• _Exercise material_
------------

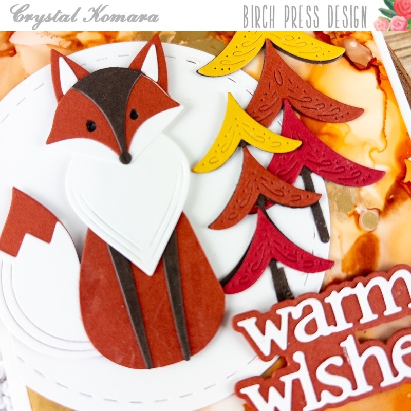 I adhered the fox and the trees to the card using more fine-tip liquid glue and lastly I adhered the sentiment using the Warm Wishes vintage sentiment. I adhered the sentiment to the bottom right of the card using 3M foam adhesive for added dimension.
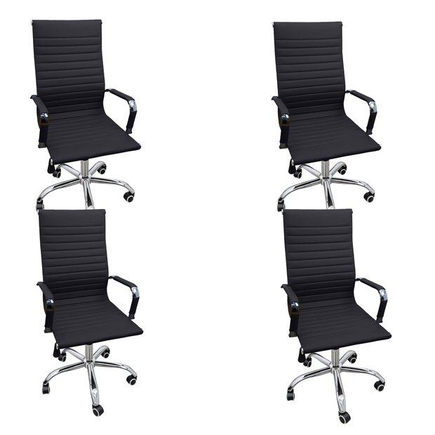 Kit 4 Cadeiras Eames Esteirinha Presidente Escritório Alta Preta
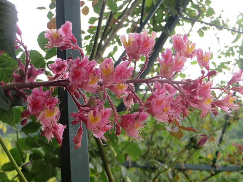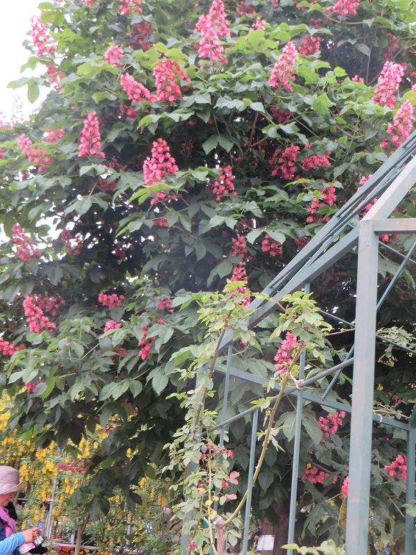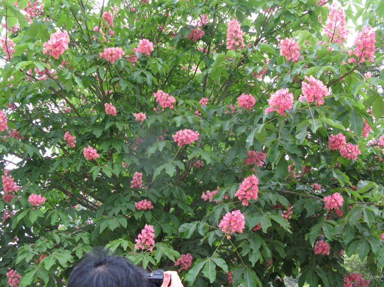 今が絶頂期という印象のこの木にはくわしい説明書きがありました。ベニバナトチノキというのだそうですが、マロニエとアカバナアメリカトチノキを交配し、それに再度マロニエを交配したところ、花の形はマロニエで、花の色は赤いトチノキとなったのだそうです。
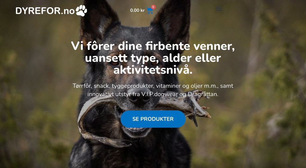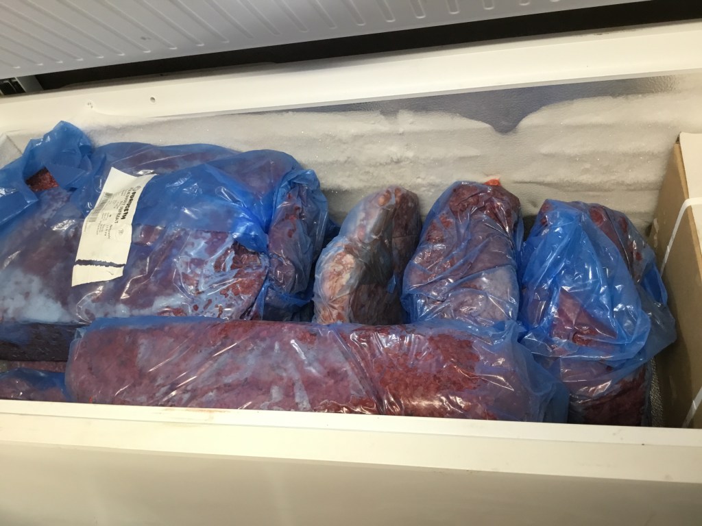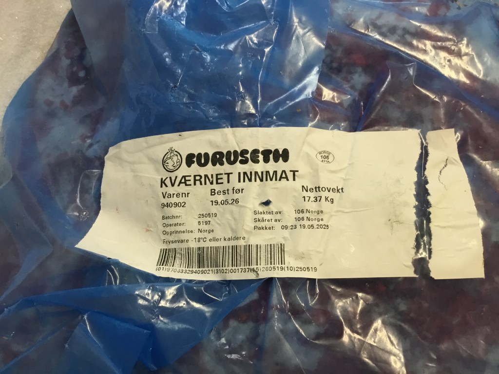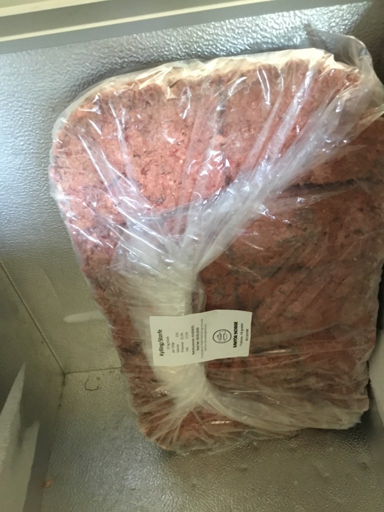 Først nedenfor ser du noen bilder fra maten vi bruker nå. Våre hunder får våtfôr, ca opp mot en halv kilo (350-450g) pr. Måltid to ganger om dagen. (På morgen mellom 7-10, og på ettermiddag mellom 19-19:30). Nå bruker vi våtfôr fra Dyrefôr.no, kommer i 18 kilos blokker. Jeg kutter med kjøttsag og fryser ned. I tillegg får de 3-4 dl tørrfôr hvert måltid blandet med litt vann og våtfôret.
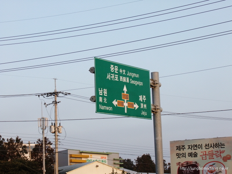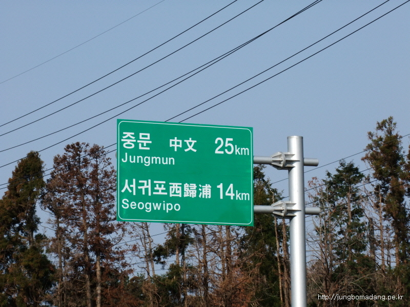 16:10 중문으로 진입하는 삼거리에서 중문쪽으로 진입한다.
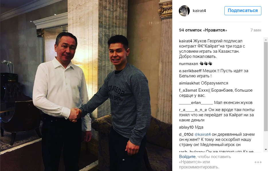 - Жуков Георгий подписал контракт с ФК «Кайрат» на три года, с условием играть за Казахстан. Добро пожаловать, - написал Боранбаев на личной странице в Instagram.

------------

• _Your instructions_
All entries above are to be set down word for word, and the pictures are to be left out.

• _Response for this exercise_
 I adhered the fox and the trees to the card using more fine-tip liquid glue and lastly I adhered the sentiment using the Warm Wishes vintage sentiment. I adhered the sentiment to the bottom right of the card using 3M foam adhesive for added dimension.
 Kit 4 Cadeiras Eames Esteirinha Presidente Escritório Alta Preta
 今が絶頂期という印象のこの木にはくわしい説明書きがありました。ベニバナトチノキというのだそうですが、マロニエとアカバナアメリカトチノキを交配し、それに再度マロニエを交配したところ、花の形はマロニエで、花の色は赤いトチノキとなったのだそうです。
 Først nedenfor ser du noen bilder fra maten vi bruker nå. Våre hunder får våtfôr, ca opp mot en halv kilo (350-450g) pr. Måltid to ganger om dagen. (På morgen mellom 7-10, og på ettermiddag mellom 19-19:30). Nå bruker vi våtfôr fra Dyrefôr.no, kommer i 18 kilos blokker. Jeg kutter med kjøttsag og fryser ned. I tillegg får de 3-4 dl tørrfôr hvert måltid blandet med litt vann og våtfôret.
 16:10 중문으로 진입하는 삼거리에서 중문쪽으로 진입한다.
 - Жуков Георгий подписал контракт с ФК «Кайрат» на три года, с условием играть за Казахстан. Добро пожаловать, - написал Боранбаев на личной странице в Instagram.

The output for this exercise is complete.